EDGECOMB — For years, grants from the National Endowment for the Arts have supported Watershed Ceramics.
Then on May 2, Executive Director David East, along with other arts organizations, got termination notices for grants for 2024 and 2025. Watershed had already spent its $35,000 grant for 2024 and is not being asked to reimburse the government, East said.
But the 2025 grant — which supports one of their artist in residency programs — is “under review.”
“It’s in a limbo phase,” he said of the $30,000 grant. “Historically, it would have been just a formality. We can’t get any answers. We already have expenses associated with this project.”
Statewide, 11 grants totaling $345,500 have been terminated as part of cost saving initiatives announced by the Trump administration, according to the Maine Arts Commission and Cultural Alliance of Maine.
Mollie Cashwell, director of the cultural alliance, said that total could go higher as she waits to hear from a few other organizations that may have been impacted.
In addition to the NEA grants, Cashwell said eight National Endowment for the Humanities grants headed to Maine were canceled totaling $1.3 million and nearly $300,000 in grants to groups who get funds from the Institute of Museum and Library Services have also been terminated.
In total, that’s $1.67 million in cultural grants lost, she said.
The termination notices came after President Donald Trump released his proposed budget, which would eliminate small agencies such as NEA, the NEH and museum and library sciences institute.
The rationale offered by the administration is that eliminating small agencies is “consistent with the President’s efforts to decrease the size of the Federal Government to enhance accountability, reduce waste, and reduce unnecessary governmental entities.”
Amy Hausmann, executive director of the Maine Arts Commission, said the arts generate $2.5 billion annually in Maine, which is 2.7% of the state’s gross domestic product.
“Art and culture is something that impacts all generations in our state and all communities across the state from York County up to Aroostook, out to Oxford out to Washington County,” she said. “We know that the work that’s being done by the cultural workers in the state is so important.”
She said she’s working with the state’s Congressional delegation to ensure that they know how important the grants are to local groups in Maine and noted that the arts have received strong bipartisan support in the past.
One of the organizations to receive a termination letter is Portland Ovations, which is set to lose $55,000 — the largest federal grant ever approved, said Aimee Petrin, executive and artistic director.
“We’ve already done half of the programs in our grant,” she said. “I had to recognize a substantial loss to our operating budget.”
The grant supports performances by groups like Contra-Tiempo, a dance theater company that highlights Latin culture and Omar Offendum, who performed hip-hop and Arabic poetry.
Petrin said NEA grants are like the “Good Housekeeping Seal of Approval” — a signal to other donors that the organization is worth supporting.
Beyond the grants, Petrin said she’s worried about ripple effects on arts organizations if federal support continues to dry up.

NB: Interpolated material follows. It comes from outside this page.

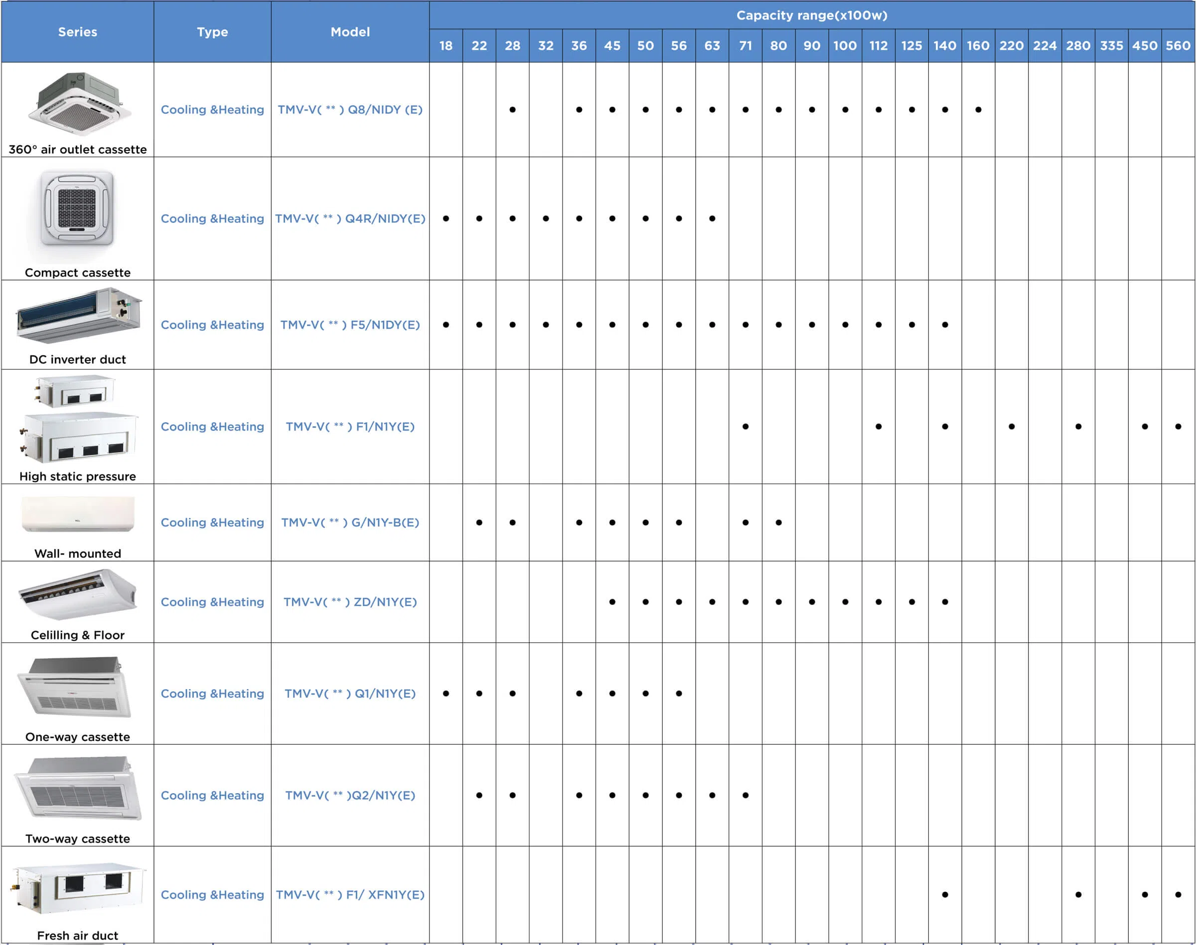 360° Air-outlet Cassette/Compact cassette New panel designLarge Air Outlet Volume7-level Fan Speed Volume360° wide-angle air supplyClean sterilization, healthy lifeDC inverter fan motor technologyUltra low noiseStandard float switch, timely warning

Although funding for the Maine Arts Commission wasn’t cut in this round, she wonders what message is being sent when support erodes for the arts.
She also hopes that the “NEA is not eliminated 100%” so it can be revived at some point.
“The arts are central to who we are as human beings, how we come together as community,” she said. “It’s beautiful and how we need to exist. I worry the arts will have to take a back seat.”